Aircraft observations since the 1990s reveal increases of tropospheric ozone at multiple locations across the Northern Hemisphere
Study key findings & significance
- The study finds that tropospheric ozone levels have increased considerably above the Northern Hemisphere.
- The researchers looked at 34,600 ozone profiles captured by commercial aircraft from 1994 to 2016.
- Earlier studies could not reach a solid conclusion regarding ozone trends in the Northern Hemisphere. This was because there are not many long-term monitoring sites and the latest satellites with near-global coverage have given contradictory outcomes relating to ozone trends.
- The team observed an overall increase in ozone levels in all the regions where they investigated, including two in the tropics, two in the subtropics, three equatorial areas, and four in the mid-latitudes. There was a 5% increase in median ozone values on average for every 10 years.
- The highest increase in ozone levels occurred in the tropics and ozone exported from the tropics could be driving increased ozone levels above other regions of the Northern Hemisphere.
- The researchers also observed that in the lower troposphere—that is, the atmospheric layer closest to the surface of the Earth—ozone levels had reduced above certain mid-latitude areas, such as the United States and Europe, where emissions of ozone precursors have reduced. These reductions were compensated by increased ozone trends higher in the troposphere—with the net outcome being an overall increase in ozone levels from the surface to 12 km.
Author quotes
Since 1994, IAGOS has measured ozone worldwide using the same instrument on every plane, giving us consistent measurements over time and space from Earth’s surface to the upper troposphere.
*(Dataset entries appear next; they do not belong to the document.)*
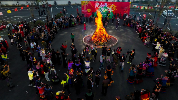 篝火在燃烧,人们在狂欢,夜幕下升腾而起的熊熊火焰,就像彝家儿女的幸福生活一样,红红火火,热烈而灿烂。
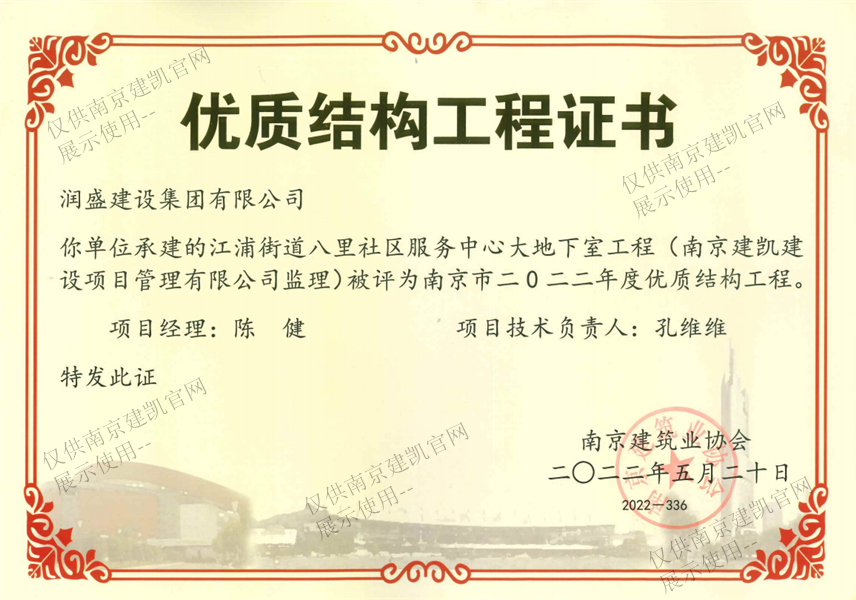 南京市二0二二年度優(yōu)質(zhì)結(jié)構(gòu)工程(江浦街道八里社區(qū)服務(wù)中心大地下室工程)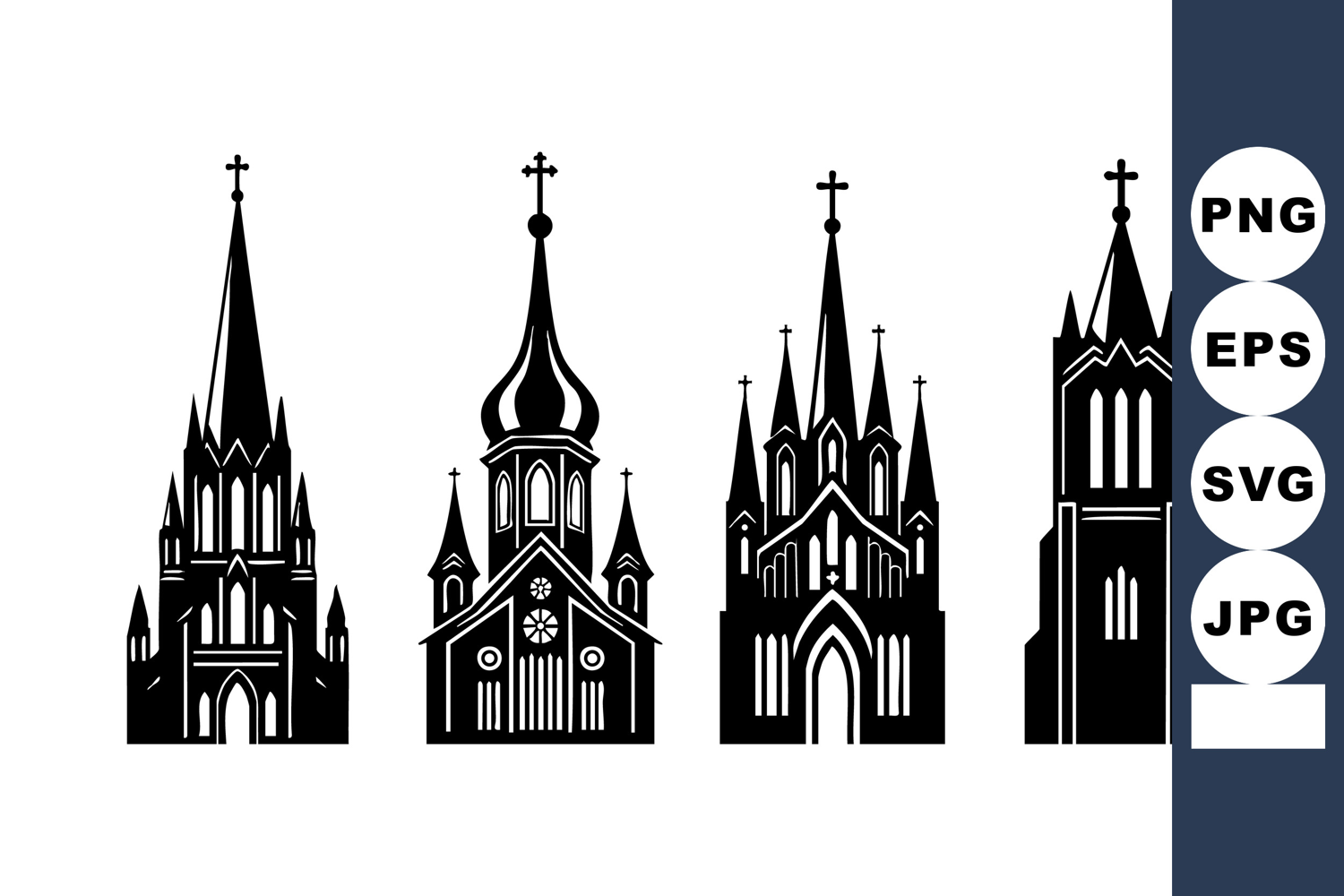 Four Gothic Church Tower Vector Silhouettes for Logos

Audrey Gaudel, Study Lead Author and Scientist, NOAA Chemical Sciences Laboratory, Cooperative Institute for Research in Environmental Sciences
Abstract
Tropospheric ozone is an important greenhouse gas, is detrimental to human health and crop and ecosystem productivity, and controls the oxidizing capacity of the troposphere. Because of its high spatial and temporal variability and limited observations, quantifying net tropospheric ozone changes across the Northern Hemisphere on time scales of two decades had not been possible. Here, we show, using newly available observations from an extensive commercial aircraft monitoring network, that tropospheric ozone has increased above 11 regions of the Northern Hemisphere since the mid-1990s, consistent with the OMI/MLS satellite product. The net result of shifting anthropogenic ozone precursor emissions has led to an increase of ozone and its radiative forcing above all 11 study regions of the Northern Hemisphere, despite NOx emission reductions at midlatitudes.